"""

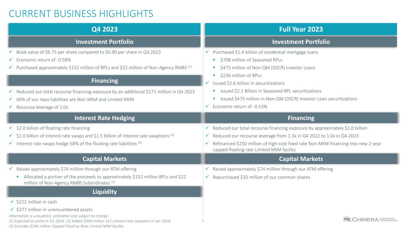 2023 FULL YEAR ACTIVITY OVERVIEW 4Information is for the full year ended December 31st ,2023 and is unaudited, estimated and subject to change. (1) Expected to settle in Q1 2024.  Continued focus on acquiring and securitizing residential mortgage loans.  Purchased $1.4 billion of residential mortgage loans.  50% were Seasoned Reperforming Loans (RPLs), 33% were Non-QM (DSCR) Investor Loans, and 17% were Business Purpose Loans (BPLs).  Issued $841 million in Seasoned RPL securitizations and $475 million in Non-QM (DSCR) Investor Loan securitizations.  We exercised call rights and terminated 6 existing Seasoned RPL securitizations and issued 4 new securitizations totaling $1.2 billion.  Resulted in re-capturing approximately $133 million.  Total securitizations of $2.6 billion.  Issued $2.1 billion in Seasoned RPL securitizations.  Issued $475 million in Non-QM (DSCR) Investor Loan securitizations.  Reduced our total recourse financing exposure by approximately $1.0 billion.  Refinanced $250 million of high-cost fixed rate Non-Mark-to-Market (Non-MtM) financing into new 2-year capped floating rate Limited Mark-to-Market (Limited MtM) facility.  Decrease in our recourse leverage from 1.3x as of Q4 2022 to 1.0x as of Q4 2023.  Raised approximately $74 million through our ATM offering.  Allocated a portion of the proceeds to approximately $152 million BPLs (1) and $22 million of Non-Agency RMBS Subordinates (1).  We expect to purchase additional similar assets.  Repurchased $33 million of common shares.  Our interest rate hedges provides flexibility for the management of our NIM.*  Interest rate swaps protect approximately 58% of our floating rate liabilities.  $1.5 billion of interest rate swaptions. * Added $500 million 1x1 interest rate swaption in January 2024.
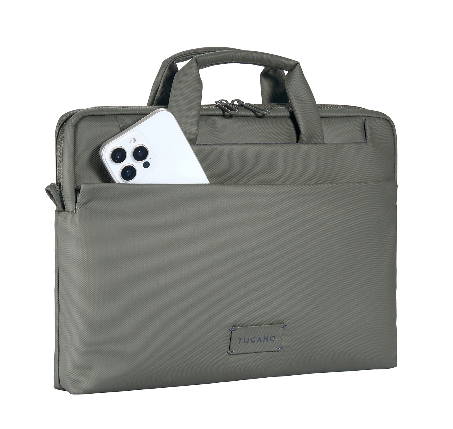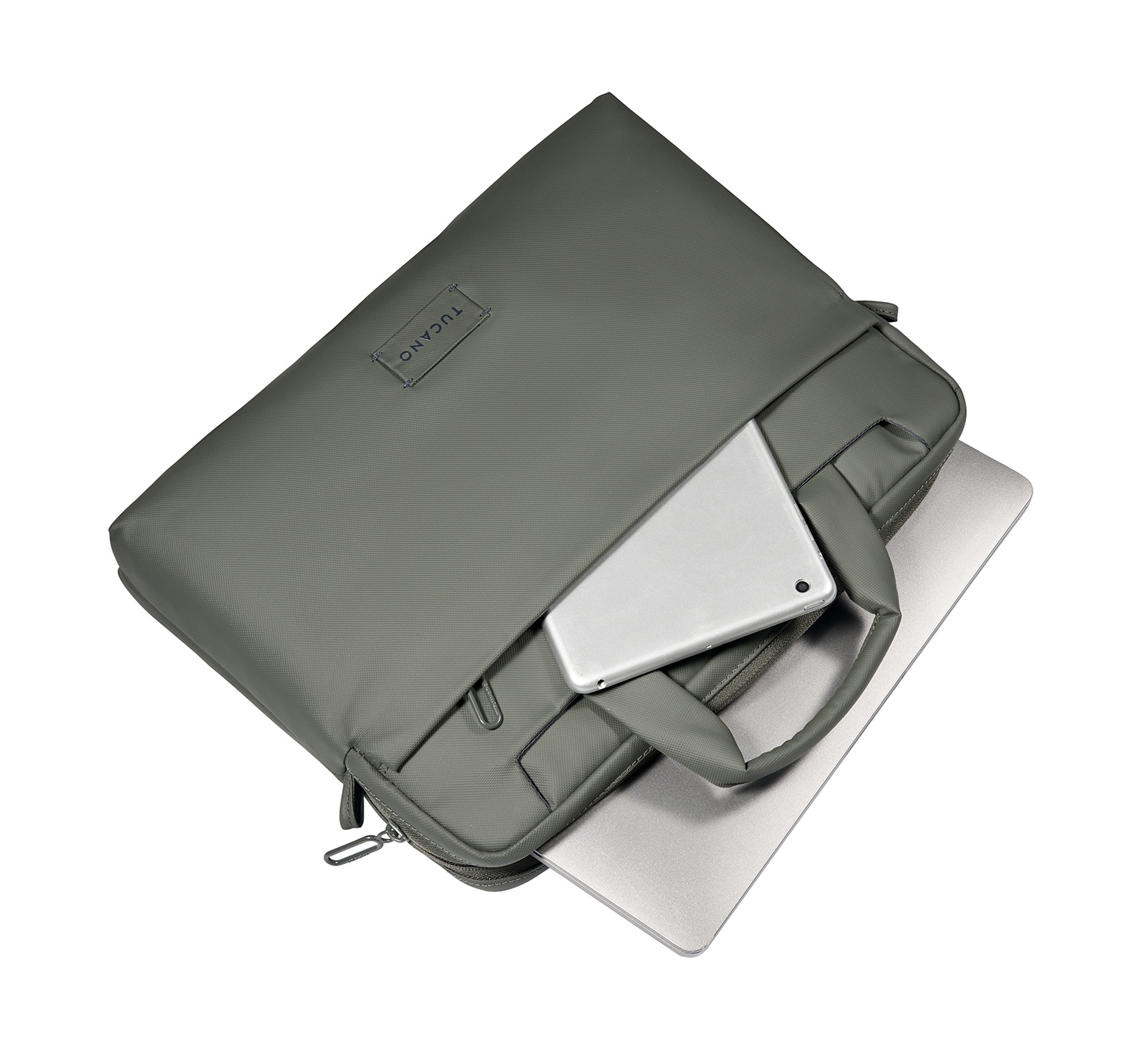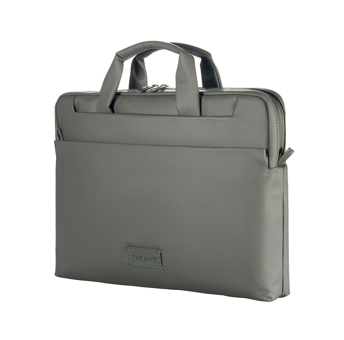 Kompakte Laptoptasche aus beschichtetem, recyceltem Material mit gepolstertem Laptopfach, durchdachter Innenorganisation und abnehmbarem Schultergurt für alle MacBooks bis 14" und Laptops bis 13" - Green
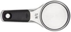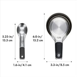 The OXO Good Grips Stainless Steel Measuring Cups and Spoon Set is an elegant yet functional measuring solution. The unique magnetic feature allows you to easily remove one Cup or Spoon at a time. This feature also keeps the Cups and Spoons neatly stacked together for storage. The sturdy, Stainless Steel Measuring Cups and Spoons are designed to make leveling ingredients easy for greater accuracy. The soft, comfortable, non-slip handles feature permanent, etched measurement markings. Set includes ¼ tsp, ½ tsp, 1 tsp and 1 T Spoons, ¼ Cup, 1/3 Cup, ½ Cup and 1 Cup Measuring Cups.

"""

### Work to complete
Return the material as it stands. Leave out the pictures.

### Result of this exercise
 2023 FULL YEAR ACTIVITY OVERVIEW 4Information is for the full year ended December 31st ,2023 and is unaudited, estimated and subject to change. (1) Expected to settle in Q1 2024.  Continued focus on acquiring and securitizing residential mortgage loans.  Purchased $1.4 billion of residential mortgage loans.  50% were Seasoned Reperforming Loans (RPLs), 33% were Non-QM (DSCR) Investor Loans, and 17% were Business Purpose Loans (BPLs).  Issued $841 million in Seasoned RPL securitizations and $475 million in Non-QM (DSCR) Investor Loan securitizations.  We exercised call rights and terminated 6 existing Seasoned RPL securitizations and issued 4 new securitizations totaling $1.2 billion.  Resulted in re-capturing approximately $133 million.  Total securitizations of $2.6 billion.  Issued $2.1 billion in Seasoned RPL securitizations.  Issued $475 million in Non-QM (DSCR) Investor Loan securitizations.  Reduced our total recourse financing exposure by approximately $1.0 billion.  Refinanced $250 million of high-cost fixed rate Non-Mark-to-Market (Non-MtM) financing into new 2-year capped floating rate Limited Mark-to-Market (Limited MtM) facility.  Decrease in our recourse leverage from 1.3x as of Q4 2022 to 1.0x as of Q4 2023.  Raised approximately $74 million through our ATM offering.  Allocated a portion of the proceeds to approximately $152 million BPLs (1) and $22 million of Non-Agency RMBS Subordinates (1).  We expect to purchase additional similar assets.  Repurchased $33 million of common shares.  Our interest rate hedges provides flexibility for the management of our NIM.*  Interest rate swaps protect approximately 58% of our floating rate liabilities.  $1.5 billion of interest rate swaptions. * Added $500 million 1x1 interest rate swaption in January 2024.
 Kompakte Laptoptasche aus beschichtetem, recyceltem Material mit gepolstertem Laptopfach, durchdachter Innenorganisation und abnehmbarem Schultergurt für alle MacBooks bis 14" und Laptops bis 13" - Green
 The OXO Good Grips Stainless Steel Measuring Cups and Spoon Set is an elegant yet functional measuring solution. The unique magnetic feature allows you to easily remove one Cup or Spoon at a time. This feature also keeps the Cups and Spoons neatly stacked together for storage. The sturdy, Stainless Steel Measuring Cups and Spoons are designed to make leveling ingredients easy for greater accuracy. The soft, comfortable, non-slip handles feature permanent, etched measurement markings. Set includes ¼ tsp, ½ tsp, 1 tsp and 1 T Spoons, ¼ Cup, 1/3 Cup, ½ Cup and 1 Cup Measuring Cups.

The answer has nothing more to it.